V13A-4745:
Experimental Constraints on CO2 Solubility in Rhyolitic Slab Melts – Implications for Carbon Flux in Subduction Zone
Abstract:
Understanding the fate of carbon in subduction zones is critical to understand carbon cycle on a global scale. The amount of carbonate and reduced (organic) carbon that is subducted and the amount of CO2 that is released from arc volcanoes vary for subduction zones around the globe. If the agent of carbon transfer from slab to sub-arc mantle is a partial melt of either ocean-floor sediments [1] or hydrous basalt [2], we need to know the solubility of CO2 in rhyolitic slab melt to constrain the flux of carbon in subduction zones.Our previous experiments have constrained CO2 content in silicic slab melts as a function of P (1.5-3.0 GPa) and melt H2O content (0.5-3.0 wt.%) [3]. Here we extend our experiments to constrain the effect of temperature (1100-1400 °C) and fO2 (CO2 vapor-saturated [3] and graphite-saturated) on CO2 solubility and speciation in natural rhyolitic melts. From our data, we constructed empirical and thermodynamic models to calculate CO2 content in slab melts at P and T appropriate for the sub-arc region of the subducting slab at variable fO2 [4]. These experiments and models show that CO2 solubility increases with increasing P, fO2, and melt H2O contents to ~3.5 wt.%, while there is a only slight increase in CO2 solubility with increasing T though the effect is much smaller.

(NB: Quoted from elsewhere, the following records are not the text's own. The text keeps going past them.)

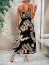 Vestito A Spaghetti Con Slipt Hem A Croce E Collo A V Stampato A Piante Per Le Vacanze
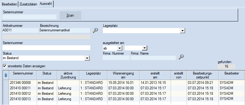 Suche nach bestimmten SeriennummernEine bestimmte Seriennummer kann gesucht werden, indem diese im Scanfeld "Seriennummer" direkt eingegeben oder gescannt wird. In diesem Fall wird die Seriennummer sofort in der Tabelle angezeigt. Anschließend kann eine weitere Seriennummer gesucht werden usw. Damit ist es möglich, beliebige Seriennummern unabhängig vom Status, vom Artikel usw. in einer Liste anzuzeigen. In diesem Fall wird die Option "erweiterte Daten anzeigen" automatisch aktiviert, damit sofort möglichst viele Informationen zur Verfügung stehen.
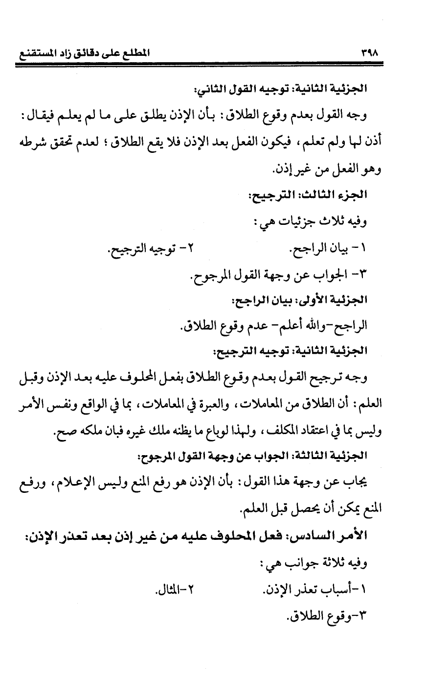 وجه ترجيح القول بعدم وقوع الطلاق بفعل المحلوف عليه بعد الإذن وقبل العلم: أن الطلاق من المعاملات، والعبرة في العاملات، بما في الواقع ونفس الأمر وليس بما في اعتقاد المكلف، ولهذا لو باع ما يظنه ملك غيره فبان ملكه صح.

Our study constrains the extent of C-cycling to the deep interior and to the arc source for graphite-saturated domains of the downgoing crust. Further, there is a general correspondence between CO2 solubility in slab-derived, rhyolitic melts at sub-arc depth with measured CO2 outflux at arcs [5]. For hotter slabs (T>800 °C) the calculated CO2 contents using our thermodynamic model, for example, are 1.5-3.4 wt.% for a low-H2O melt generated near the FMQ buffer and correspond to arc fluxes of 50-500 × 109 mol/yr. For colder slabs (T<800 °C) the calculated CO2 contents are 0.9-1.6 wt.% for a low-H2O melt generated near the FMQ buffer and correspond to arc fluxes of 0.1-15 ×1 09 mol/yr. This correspondence suggests that slab-derived silicic melt may be the chief agent of C-transport from slab to mantle wedge.
[1] Plank and Langmuir (1993) Nature, 362, 739-743; [2] Prouteau et al. (2001) Nature, 410, 197-200; [3] Duncan and Dasgupta. (2014) GCA, 124, 328-347; [4] Syracuse et al. (2010) PEPI, 183, 73-90; [5] Fischer et al. (2008) Geochem. J., 42, 21-38.